Who needs Google Maps? As long as you’ve got a blue van and some tires in the road for reference, it’s all good. The tour itself was for a sunset catamaran cruise. Sounds like a relaxing good time, yes? Not if you ACCIDENTALLY wear your shoes on deck (he hates that). Not if you ACCIDENTALLY yell, “You better hang on, spider monkey!” as you grip the underside of the net after cowabungaing into the water (he also really hates that). Regardless, hanging out on a catamaran net during a three hour tour of open water chasing the sunset was unreal. 


After Leo dropped us off and practically peeled out to get away from us (which is not easy to do in a boat), we headed to the Hilton to see how the other half lives on this island… and to try their over the water crepe restaurant.
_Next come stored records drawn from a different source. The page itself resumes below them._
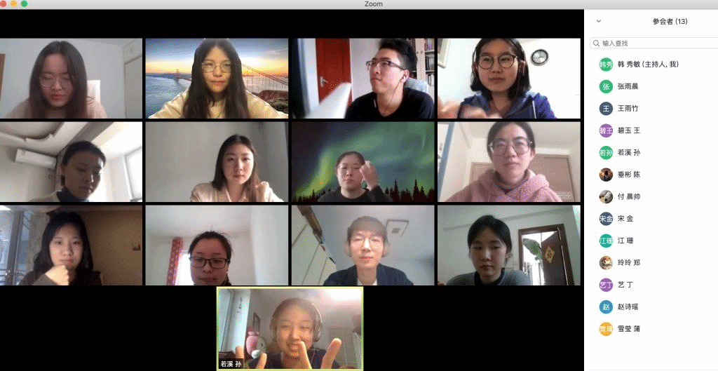 康喆同学的感想则讲出了大家的心声:“隔着屏幕看到熟悉的老师,听到世界各地的北外学子纷纷报平安,觉得十分感动。听曲强老师讲述临危受命,在世卫组织委托下组建翻译小组,在大年初一为翻译疫情相关文件连续工作15个小时,并以高质量译文得到世卫组织高度赞扬的故事,作为一名高翻人,我觉得无比自豪。”
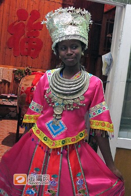 當(dāng)晚,在熱情的中國家長(zhǎng)帶領(lǐng)下,漢語橋選手“黑珍珠”闖三關(guān):對(duì)山歌、喝米酒、擊鼓后,順利入住苗家,當(dāng)穿上苗族服裝,“黑珍珠”興奮地在鏡子面前轉(zhuǎn)了幾圈,表達(dá)喜悅的心情。(李湘)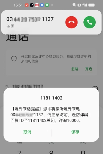 手机可能会接到境外打来的电话,一旦接听,对方就会以短信形式发送一条注册验证码过来。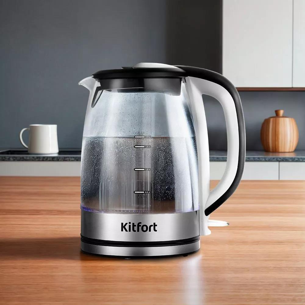 Электрический чайник Kitfort КТ-6628 (2200 Вт/1,7 л /стекло, нержавеющая сталь/прозрачный, черный, серебристый)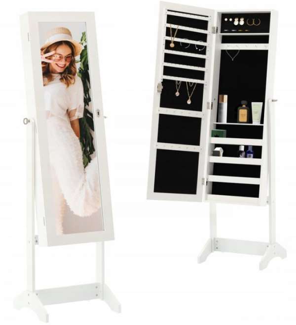 A tükörrel ellátott ékszertartó szekrény minden bizonnyal nagyszerű ajándéktipp minden nő számára. A tükör mögött rengeteg ékszer, bizsu és más apróságok tárolására van lehetőség. A szekrény ajtaja egy kis kulccsal zárható, így illetéktelenek nem nyithatják ki. Letisztult formavilágának köszönhetően a legtöbb helyiségbe illik, tökéletes kiegészítője lehet egy hálószobának, fürdőszobának vagy nappalinak.Specifikációk:Színe: fehérAnyaga: MDF lapMéretek: 41,5 x 36,5 x 147 cmTulajdonságok:Nagy tükörPuha plüssel párnázottKampókkal, akasztókkal, polcokkal van felszerelveKulccsal zárható
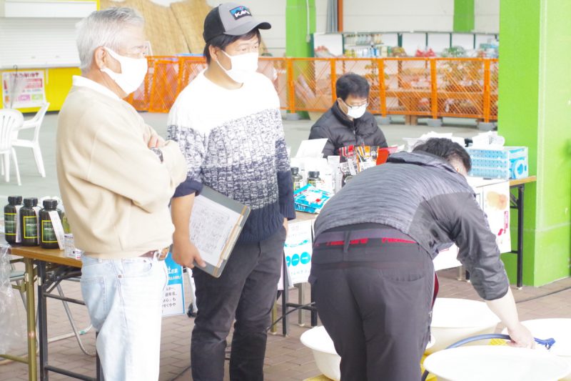 分譲魚コーナーにはほとんど人が絶えず、遠方からこれ目当てに来場してくれた親子連れもいたり、予想以上に賑わいました。審査前からお客さんが次々と。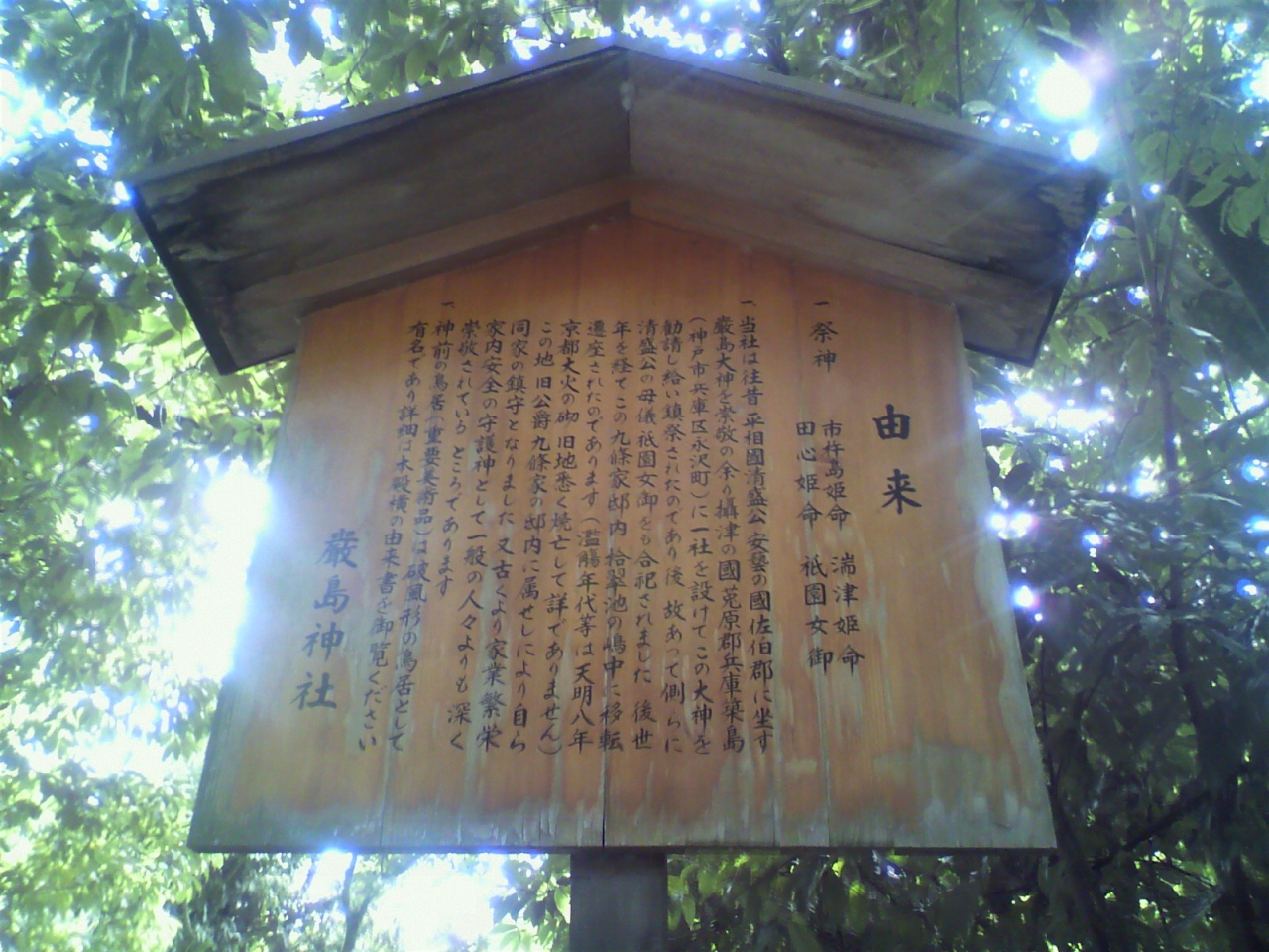 平清盛が摂津国兵庫津の築島(経が島)に社殿を建て安芸の厳島社を勧請し、のちに母の霊を合祀したものが起源ととされているそうです。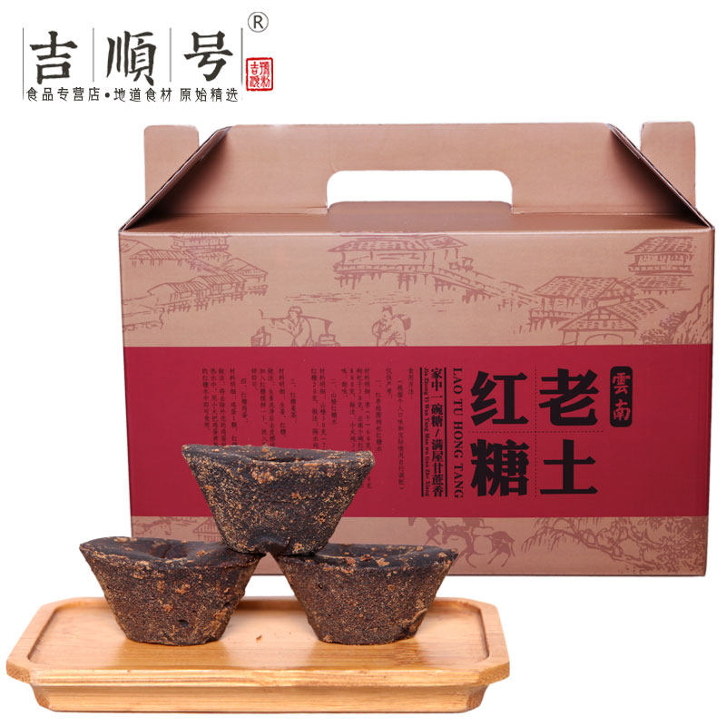 High-quality brown sugar Jishun food ingot brown sugar gift box Yunnan old-fashioned brown sugar brown sugar 400g * 5 bags as a gift
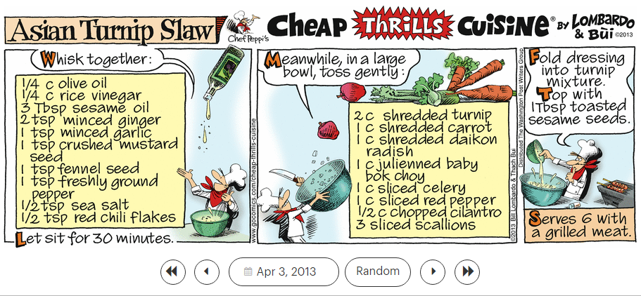 ‘ Jealous Guy,’ ‘Johnny B. Good,’ ‘Just A Gigolo / I Ain’t Got Nobody,’ and ‘Karma Chamelion,’ and the ‘Cheap Thrills Cuisine’ recipe ‘Asian Turnip Slaw’.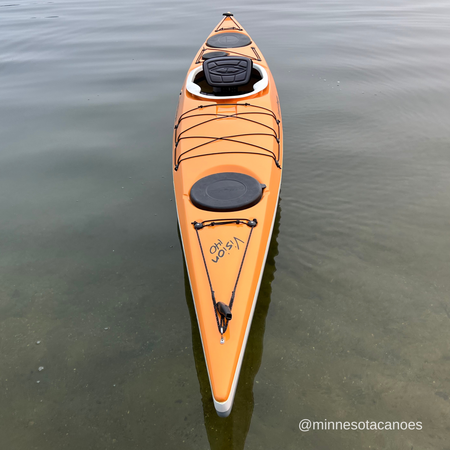This nimble 14’ kayak is perfect for day trips and overnight adventures. The Vision 140 bridges the gap between recreational kayaks and full-sized sea kayaks. It has enough speed for coastal adventures, enough storage capacity for overnights and weekend trips, and loads of stability. Visions have a generously sized keyhole cockpit that allows for easy entry and exit, plenty of footroom for larger paddlers and a faceted deck design that makes it easy to reach the water with your paddle. A retractable skeg allows you to tune the performance of the Vision 140 giving you the option to choose more maneuverability or better tracking depending on conditions. Lightweight and easy to cartop, the Vision 140 is the perfect choice for touring paddlers looking to downsize from a heavier kayak or upgrade from a recreational design. The Vision 140 is constructed from a vacuum bagged composite hybrid material, which allows for an unsurpassed combination of light weight, stiffness, toughness and value. Includes skeg.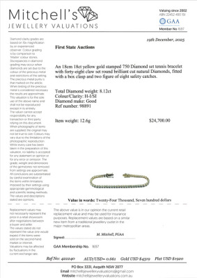 Diamond tennis bracelet with 48 round Natural Diamonds totalling 8.12ct (Estimated grading: H-I SI). 18ct yellow gold. Length: 18cm. Weight: 12.6g. With Valuation Certificate #422240.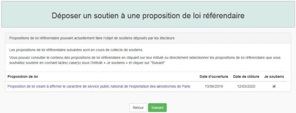 Ce 13 juin 2019, le ministère de l’Intérieur a ouvert sur son site la collecte des signatures nécessaires à l’organisation d’un « référendum d’initiative partagée » sur « la proposition de loi visant à affirmer le caractère de service public national de l’exploitation des aérodromes de Paris ».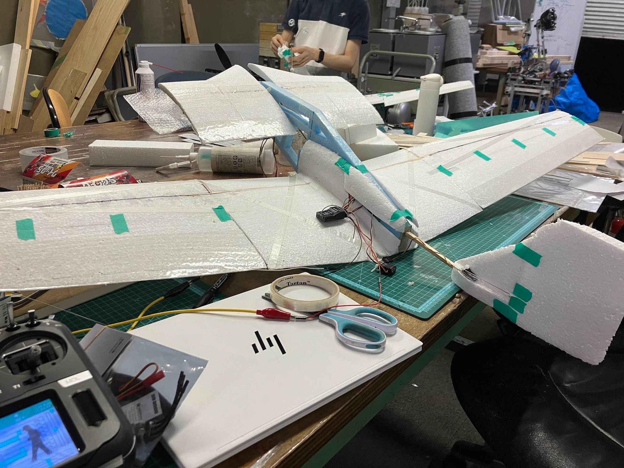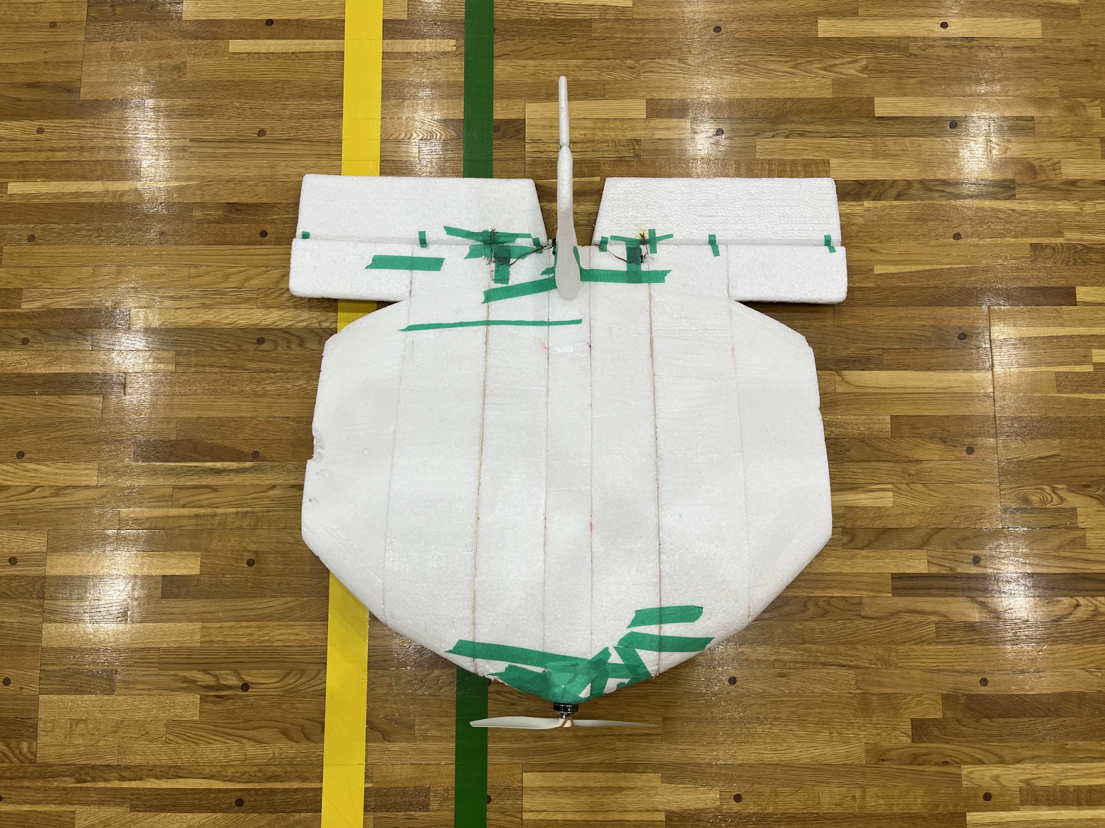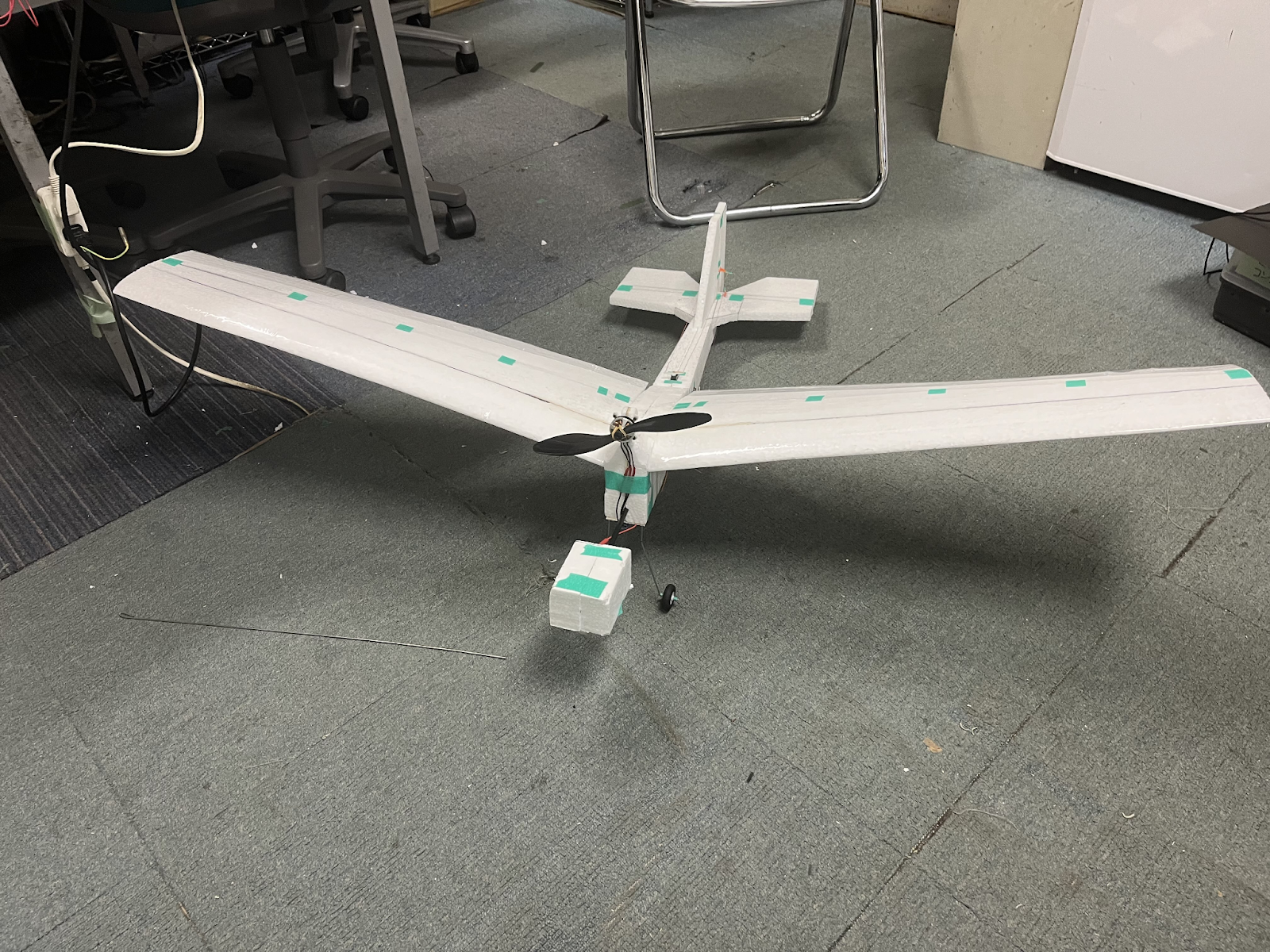 当時部長の発案から始まった機体。プロペラガードが発泡スチロール、機体フレームはバルサ、一部がプリンターパーツという異色な構成。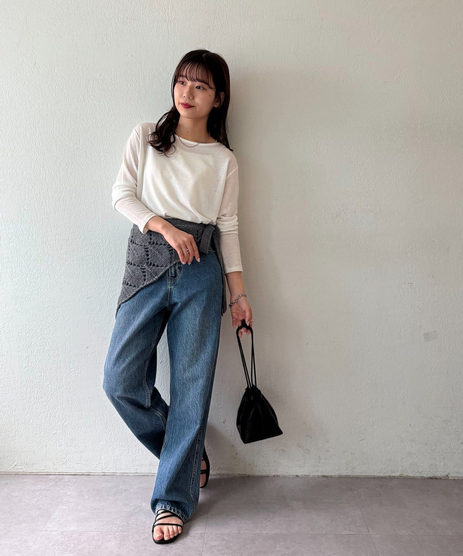 腰に巻くだけで一気におしゃれ度が上がるので、マンネリしがちなカジュアルコーデに重宝しそうです◎

It’s like trying to get into Fort Sumter. Lady at gate? Didn’t believe that we would attempt it without a reservation… until she called us in and, three cheers for us, there had just been a cancellation! Lady in lobby? Didn’t believe we had a reservation. Four cheers for us, she had to eat rooster when she found out we did. (No one eats crow around here due to the surplus of roosters). The crepe restaurant was great, with the highlight being reef sharks just under our feet, hoping to get bits of crepe. I guess they are French sharks. Le sharks, perhaps!


Back to Cook’s Bay for a night of falling asleep while blissfully listening to the waves and the crowing of very confused roosters who can’t tell time!